22 June, 2011

behave.

She was always the kind of person who blended into walls well, really well, like cement well. She would disappear into a crowd like she was paid to do it; just because she was always did it so well, like she was invisible. And people who didn't know her, well, they never did; and the people that did, they simply didn't care. She was an ornament, a decoration, an additional head to the sea of breathing treading vibrating carcass of those existing. She was disposable.

In true spec-dust spirit, she refused to hold parties, refused to date, refused to recite in class. She refrained from doing anything that would get her noticed, that would allow people to see her, even just the husk that she was -- the statue of a husk that she was. No one ever knew her: the girl in a corner with a book in her face, her hands on her lap, her eyes to the floor. The girl in the corner with her shirt a size too big, with her bag slung too low, with her lips sealed shut. Nothing but the girl in the corner accumulating dust. 

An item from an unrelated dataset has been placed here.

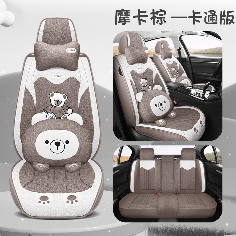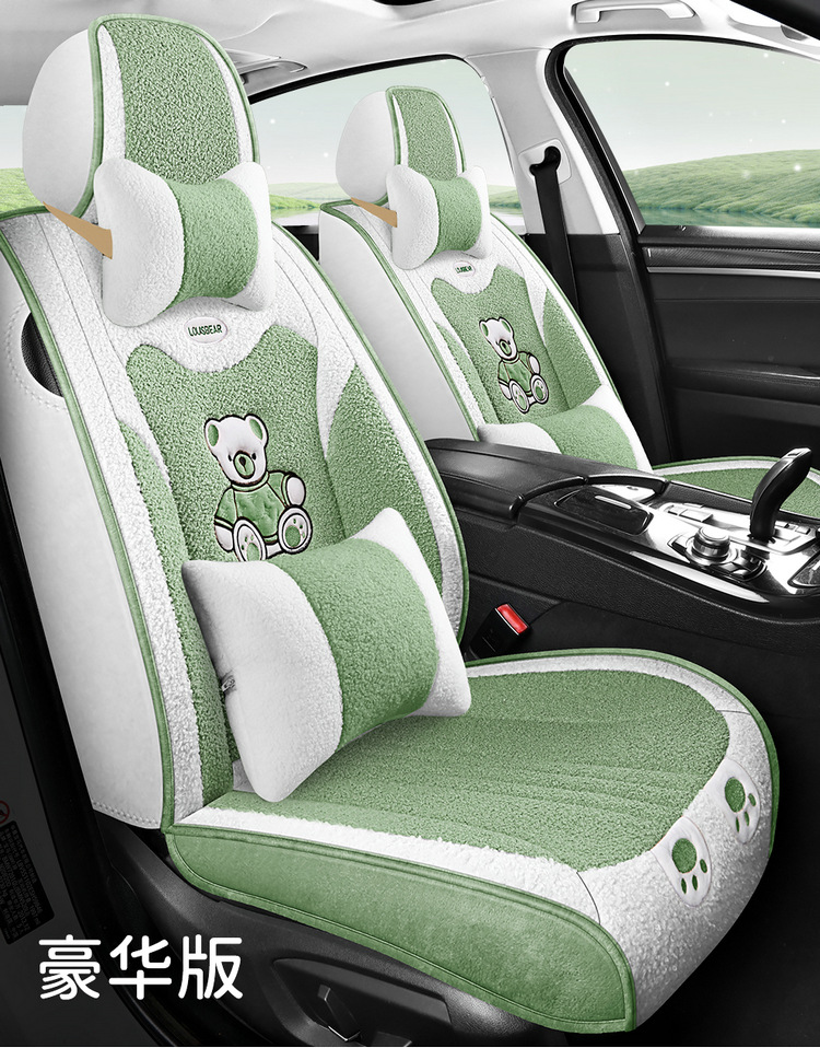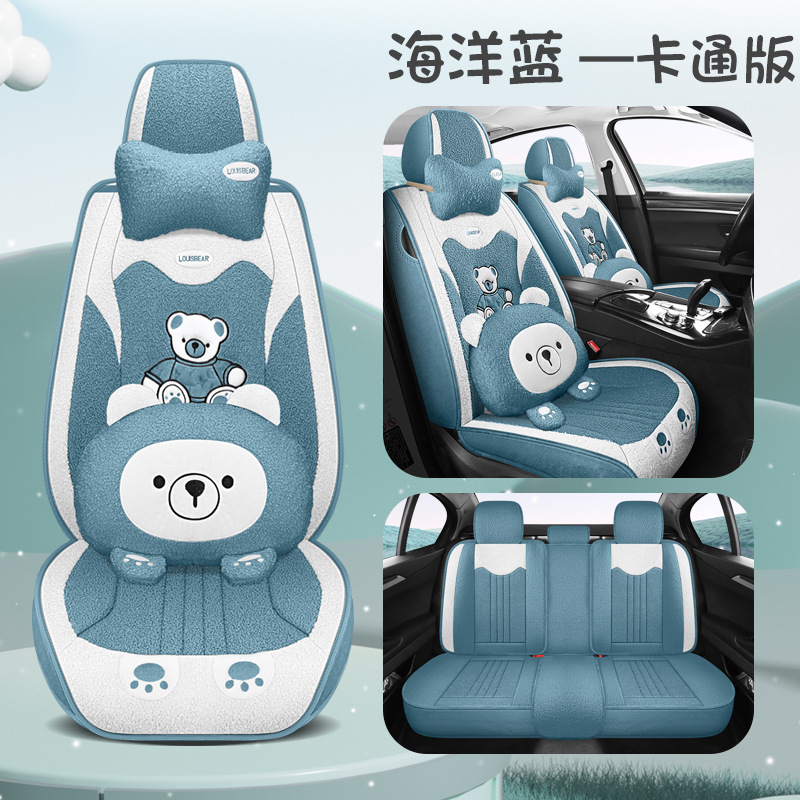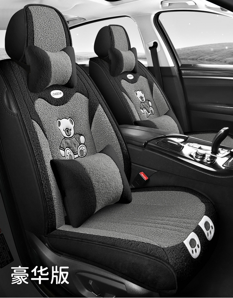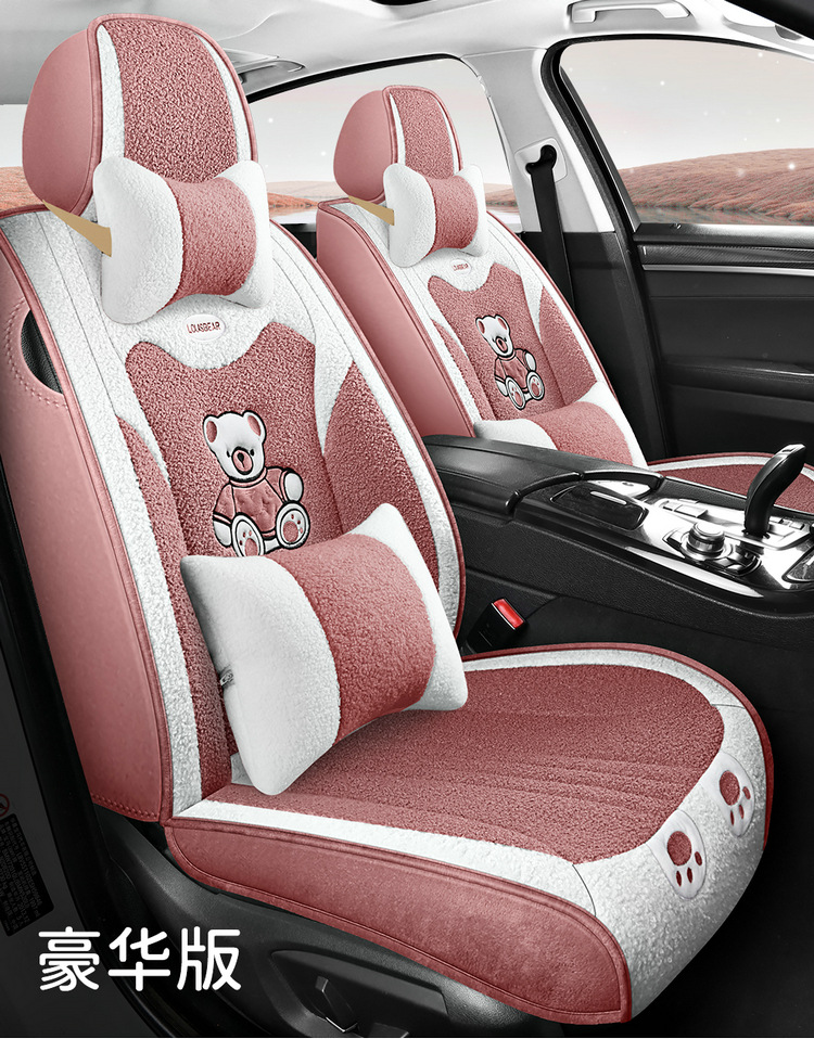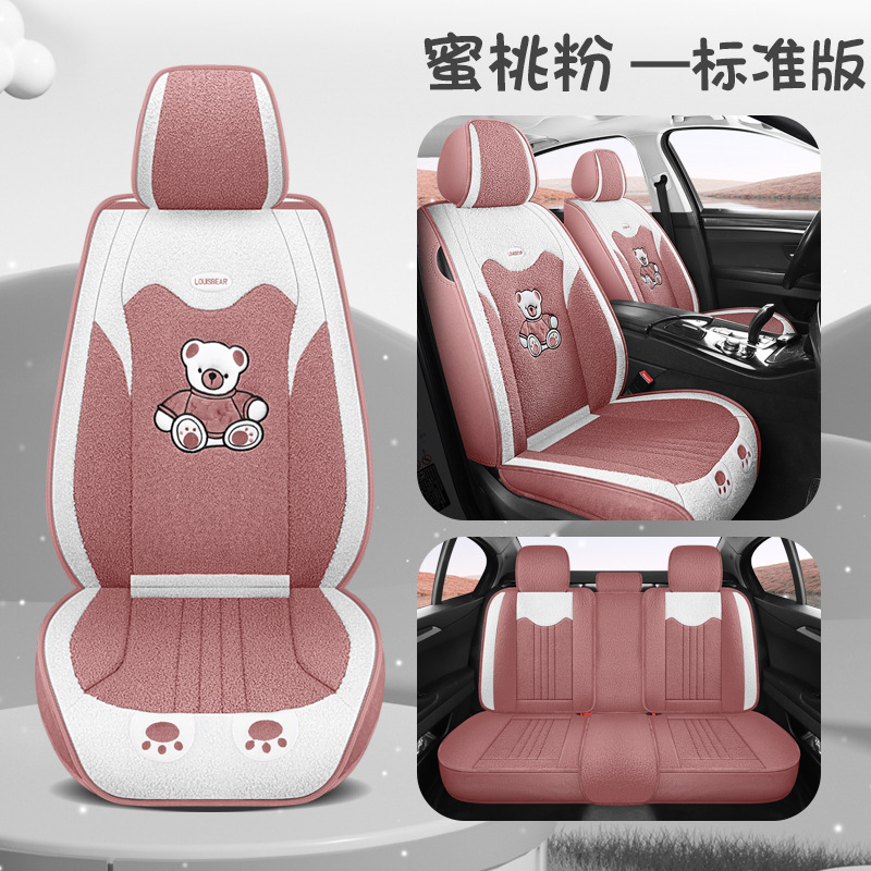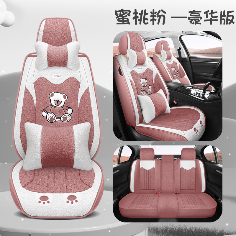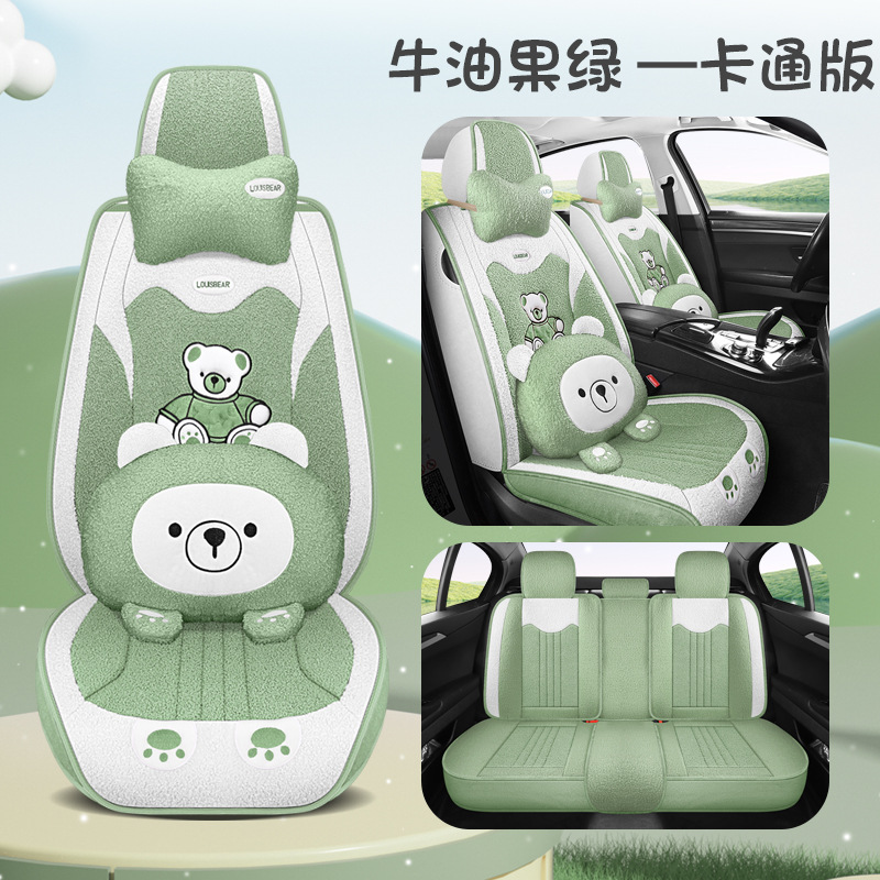 汽车坐垫冬季短毛绒座椅垫冬天保暖加厚卡通可爱女士通用全包座套

Mostly, she was afraid. She was the kind of afraid that was afraid of
everything.  She was afraid of becoming everything she saw, of everything she heard. She was afraid of turning into a statistic, a story, a cliche. So instead, she became nothing. She stayed a stagnant little drop of nothing.

Forever breathing, forever being, yet never living
. You can be and never really be. And she was, but never truly was. She became the cliche, the story, the statistic. She became what she feared: a tragedy.